К знакомому особняку они подъехали спустя почти час. Подхватив женщину на руки, Гриша взбежал на крыльцо и, недолго думая, грохнул сапогом в дверь. Сонный слуга, попытавшийся что-то возразить не открывая, был приведен в чувство обещанием стрельбы прямо через дверь. Сообразив, что дело нешуточное, он впустил Гришу и, разглядев его ношу, сразу указал нужное направление, сообщив:
— Операционная вон там. Сейчас доктора позову.
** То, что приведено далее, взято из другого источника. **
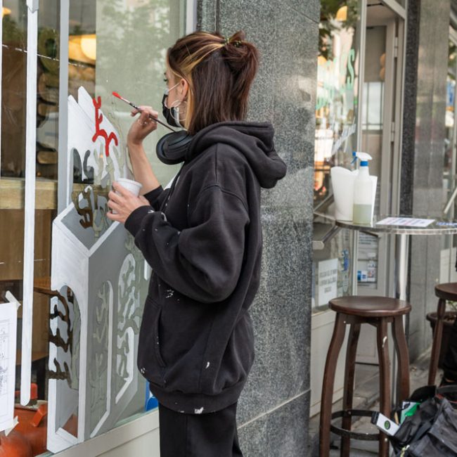 «Lavapies 2021», la intervención de gerCA para CALLE, es una búsqueda más dentro del lenguaje personal que tiene que ver con algunos conceptos urbanos y arquitectónicos característicos de su obra.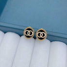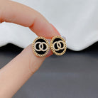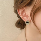 DOUBLE CIRCLE DIAMOND ONYX STUD EARRINGS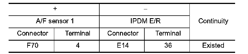 3.Check the continuity between A/F sensor 1 harness connector and IPDM E/R harness connector.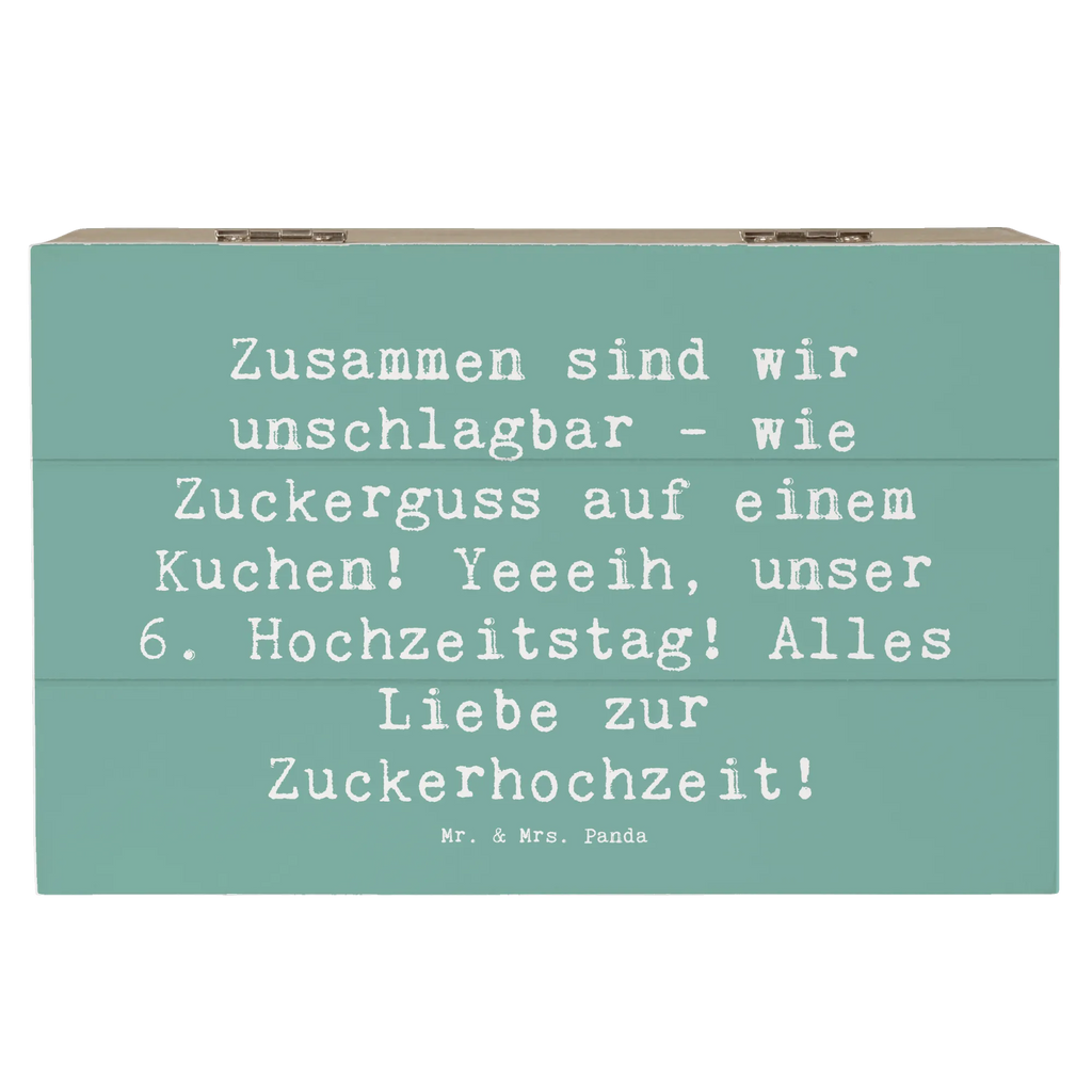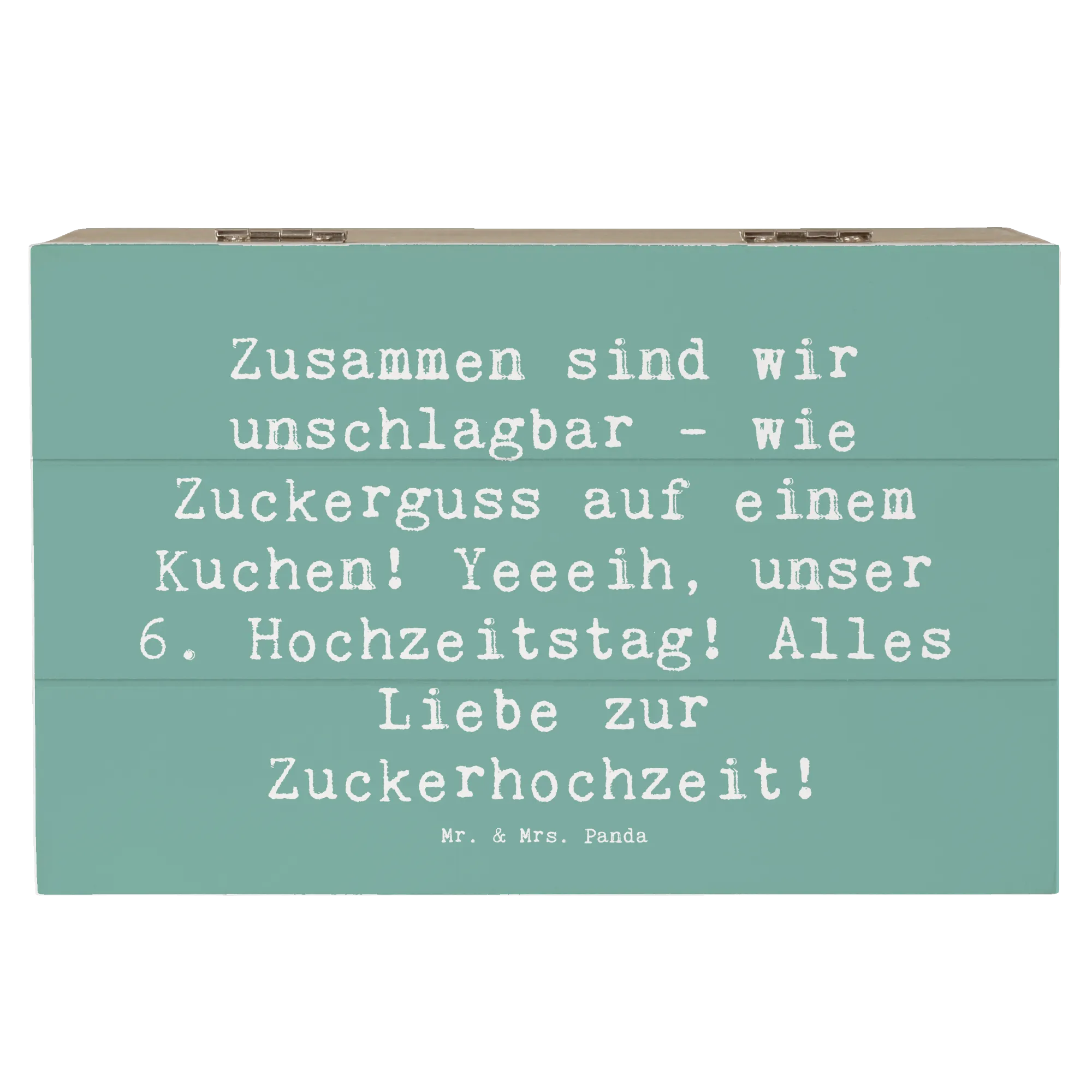 Entdecke die wunderschöne Holzkiste zum 6. Hochzeitstag, die aus robuster Holzfaser gefertigt ist und mit dem herzlichen Spruch "Zusammen sind wir unschlagbar - wie Zuckerguss auf einem Kuchen! Yeeeih, unser 6. Hochzeitstag! Alles Liebe zur Zuckerhochzeit!" verziert ist. Diese Erinnerungskiste eignet sich perfekt, um besondere Schätze und Erinnerungen aufzubewahren. Egal, ob du Fotos, kleine Geschenke oder Andenken aus deiner gemeinsamen Zeit darin verstauen möchtest – diese nostalgische Schatzkiste ist ideal dafür!

Внеся Герцогиню в операционную, Гриша осторожно положил ее на хирургический стол и, чуть подумав, аккуратно прижал пальцы к становой жиле. Пульс, пусть и слабый, был. Вошедший доктор, сразу узнав парня, молча подошел к столу и, привычным движением избавив женщину от повязок, только головой покачал. Чтобы облегчить ему работу, Гриша быстро описал положение, при котором была получена рана, и врач, одобрительно кивнув, коротко приказал:
— Я вас понял, юноша. А теперь покиньте операционную. Дальше моя работа. И вообще, делать вам тут больше нечего. Отправляйтесь домой, или куда там вам надо. Обо всех результатах я сам сообщу господину Залесскому.
Понимая, что спорить сейчас только время у врача отнимать, Гриша покорно поплелся к выходу. Выйдя на улицу, он снова сел на козлы пролетки и, разобрав поводья, еле слышно выдохнул, вскинув лицо к небесам:
— Господи, помоги ей.
Потом, взяв себя в руки, парень развернул пролетку и отправился к зданию жандармского отдела.